In figure 1, 1 generally denotes a plate heat exchanger according to the invention, preferably a recuperator, with flow channels arranged between the plates. Of the said channels every other channel is designed to receive the flow of a heat-emitting medium, in this case exhaust gases from a gas turbine. The direction of flow for these is indicated

in figure 1 by an arrow 2 and the person skilled in the art will appreciate that in order to control the exhaust gas flow a surrounding casing with connections for the inlet and outlet exhaust gas flows is required. The remainder of the flow channels are designed to accommodate the flow of a heat-absorbing medium, in this case compressed air from the gas turbine compressor.
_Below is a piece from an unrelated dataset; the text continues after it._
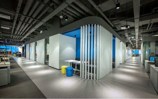 本案例采用木材表面、日光和綠色墻壁給‘休閑就餐’區(qū)域帶來了大自然的感覺。采用對比色的地板標(biāo)示出了環(huán)繞在辦公室核心地帶周圍的‘跑道’循環(huán)路線。激發(fā)獨(dú)特的全新辦公空間的創(chuàng)造力和協(xié)作性。領(lǐng)企設(shè)計:www.wrqffaf.cn(領(lǐng)企設(shè)計官方網(wǎng)站更多相關(guān)內(nèi)容)

The inlet flow from the latter to the recuperator is indicated by an arrow 3 and the outlet flow by an arrow 4.

In order to achieve high efficiency in the transfer of thermal energy from the heat- emitting medium to the heat-absorbing medium the flows will, of course, essentially be in opposite directions. This is the case in a section of the through-flow channels for the heat-absorbing medium, denoted by 5. 6 and 7 respectively indicate sections of the said through-flow channels in which the flows are not in opposite directions, but crossing one another.

The flow 3 of heat-absorbing medium in the recuperator 1 passes via a manifold 8, which connects with the manifold 8 via inlet ports in each flow channel for the heat- absorbing medium. There is a corresponding connection via outlet ports in each flow channel to a manifold 9 for the flow 4 of heat-absorbing medium out of the recuperator.
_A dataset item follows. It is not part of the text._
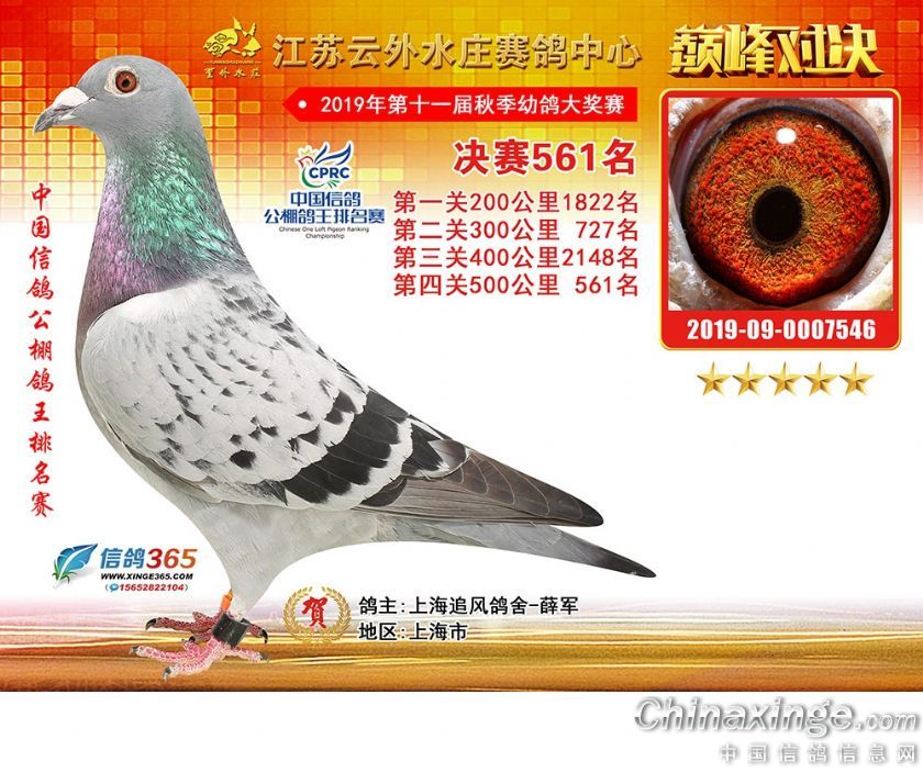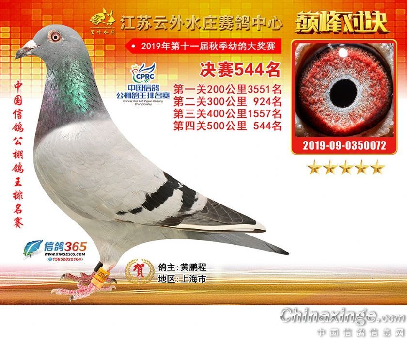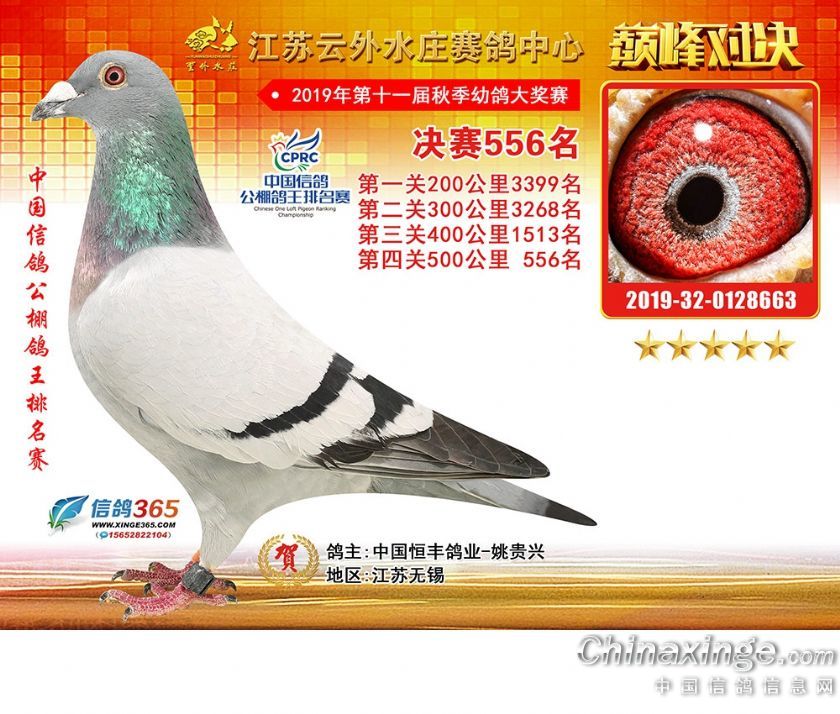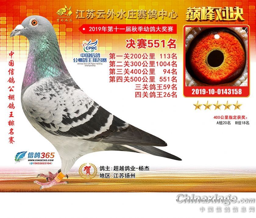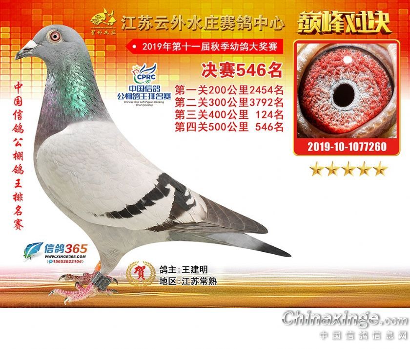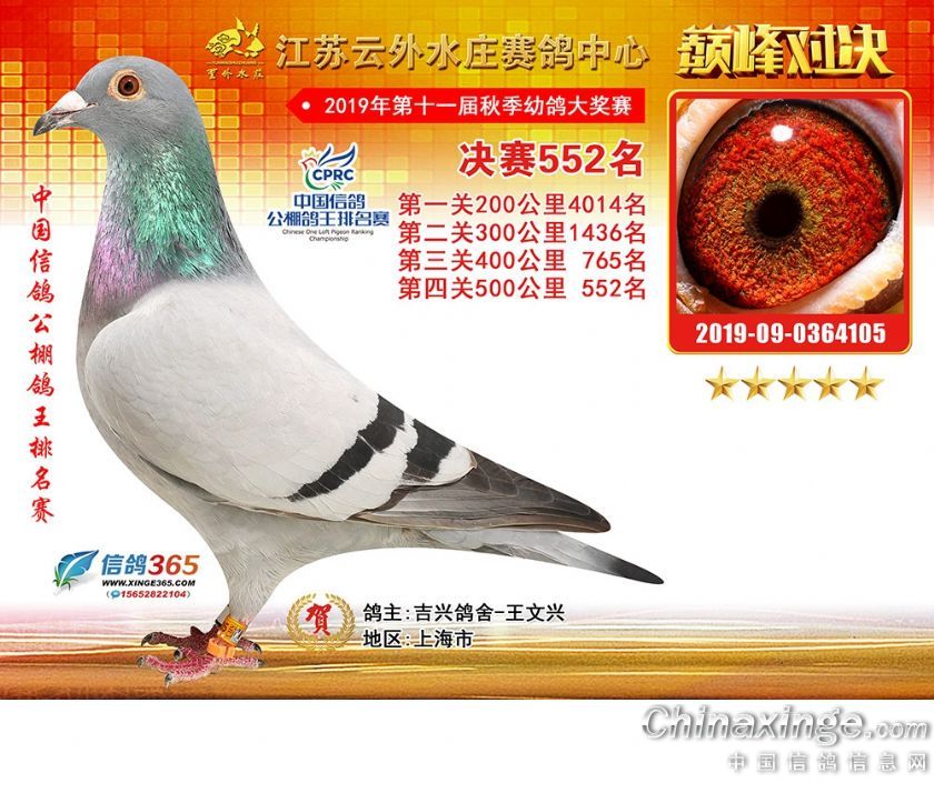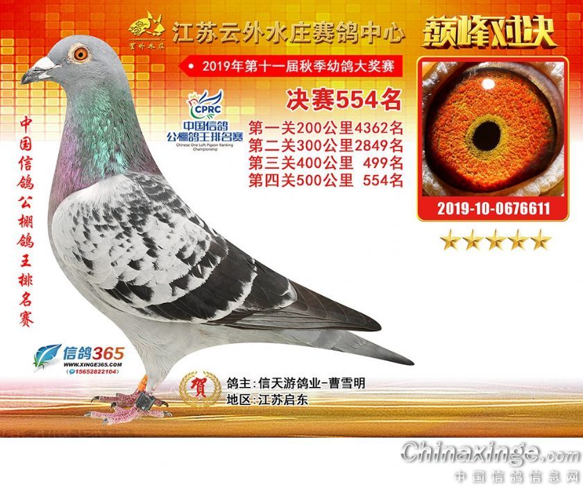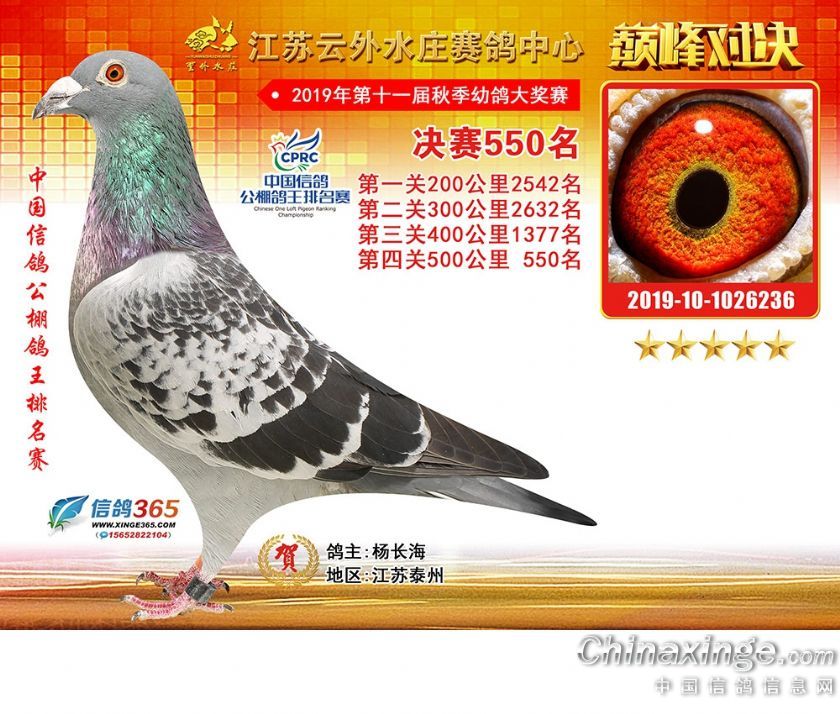 作品说明: 江苏云外水庄赛鸽中心2019年获奖鸽541-570名

As will be explained in more detail below, the inlet ports are connected to section 6 of the through-flow channels, whereas the outlet ports are connected to section 7 of the through-flow channels.

With reference to figures 2 and 3, which show sections A-A and B-B respectively of the recuperator in figure 1, the arrangement of the inlet and outlet ports and the manifolds 8, 9 will now be described in more detail. Since the conditions are analogous in the two manifolds, reference will only be made to the construction in connection with the manifold 9 and the said partial sections A-A and B-B illustrated in figures 2 and 3 respectively.

In the plates from which the recuperator is constructed, an opening 9', with side wall 10 running around the edge 9" of the opening 9', is made in one section on two opposing sides a, b. The said side wall is inclined somewhat inwards towards the opening 9'. In a section of the side wall 10 adjoining the section 7 there is an interruption 10'. With the side walls of the plates telescoped in one another as shown in figure 2 and joined pressure-tightly to one another, for example by soldering, the side walls 10 form the walls of the manifold 9 and the interruptions 10' form the outlet ports 10", which

connect the manifold 9 to the through-flow channels for the heat-absorbing medium. In figures 2 and 3 the said through-flow channels are denoted by 11, whilst the flow of the heat-absorbing medium is indicated by arrows 4'. The through-flow channels for the heat-emitting medium are correspondingly indicated by 12.

The interruption 10' is preferably formed in the side wall 10 of each plate in such a way that, as shown diagrammatically in figure 3, the side wall section 10"' corresponding to the interruption 10' is bent so that it forms an angle x with the plane of the plates. The side wall section 10"' is thereby made to form a guide for the flow of heat-absorbing medium through the inlet and outlet ports 10".

Figure 4 shows that the outer walls of the manifolds, as well as the short sides of the recuperator in an alternative embodiment, are bent outwards. The splayed form gives increased strength, which improves the service life of the recuperator.

By arranging the manifolds 8, 9, inlet and outlet ports and the sections 5, 6 and 7 of media flows in opposite directions to one another or crossing one another according to the invention, a compact construction is thus achieved whilst making the recuperator highly efficient and easy to manufacture.